I have priced out a few Hondas and Suzukis for transportation to the office and back...they are higher than prices in the US for 110cc and 120+. But they do have enough torque to get you out of harms way. (whether it be narco bullets or city buses). I am not coming in as a tourist, rather as a resident worker, so I can buy a motorcycle and take out a reg and ins on it with the version Visa I will have.


----------



## holodeck (Oct 14, 2010)

conorkillen,

Thanks. I will be staying around Chapala for the winter and would like to go for putt-putts around the lake and country side for day trips, then selling the bike when I leave. I'm not planing on doing any city driving at all. Not sure what kind of bike would be best, but a new/old China mo-ped or similar sounds like a total hoot. Thanks in advance for any advice.


----------



## conorkilleen (Apr 28, 2010)

holodeck said:


> conorkillen,
> 
> Thanks. I will be staying around Chapala for the winter and would like to go for putt-putts around the lake and country side for day trips, then selling the bike when I leave. I'm not planing on doing any city driving at all. Not sure what kind of bike would be best, but a new/old China mo-ped or similar sounds like a total hoot. Thanks in advance for any advice.

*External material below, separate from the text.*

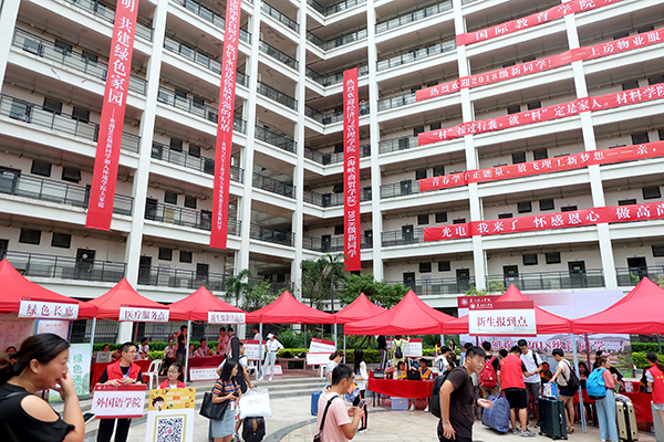 值得一提的是,为尽可能减少新生和家长的奔波劳顿,今年的新生报到流程进一步简化。与往年的“一站式”报到服务相比,今年校园内不再设置报到点,各二级学院也不再安排迎新点,新生报到前在学校官方微信平台“厦理工e起来”输入“所在学院+性别”,就能查询到自己即将入住的宿舍区。报到当日,新生直接前往宿舍区报到点刷码即可,领取到写有宿舍号和床位号的住宿单,报到的流程也随之完成,可谓尽享“拎包入住”的高效与便捷。为了方便新生及家长,学校还在校园主要路口设置了多处迎新公共服务点,由各相关学院负责新生报到的咨询、引导和服务等事宜。和往年一样,学校今年也邀请了夏商集团进驻校区,为新生提供品类齐全且质优价廉的商品,所有商品均为夏商百货超市专柜正品,严格执行国家“三包”,大大方便了新生用品采购。

just find a 49cc scooter then. find adds in the papers or internet markets in the area you are going to.


----------



## RVGRINGO (May 16, 2007)

Permit me a word of caution: Since many of the roads have no shoulders and there is often a severe drop-off on these narrower than USA roads, you are at risk riding any two wheeler; especially when two wide body trucks or buses are in the mix. There are economical rentals available locally and you might find renting a 'vocho' (original VW beetle) almost as much fun and a lot safer. For daily use, the local and intercity buses are very efficient and cost little.


----------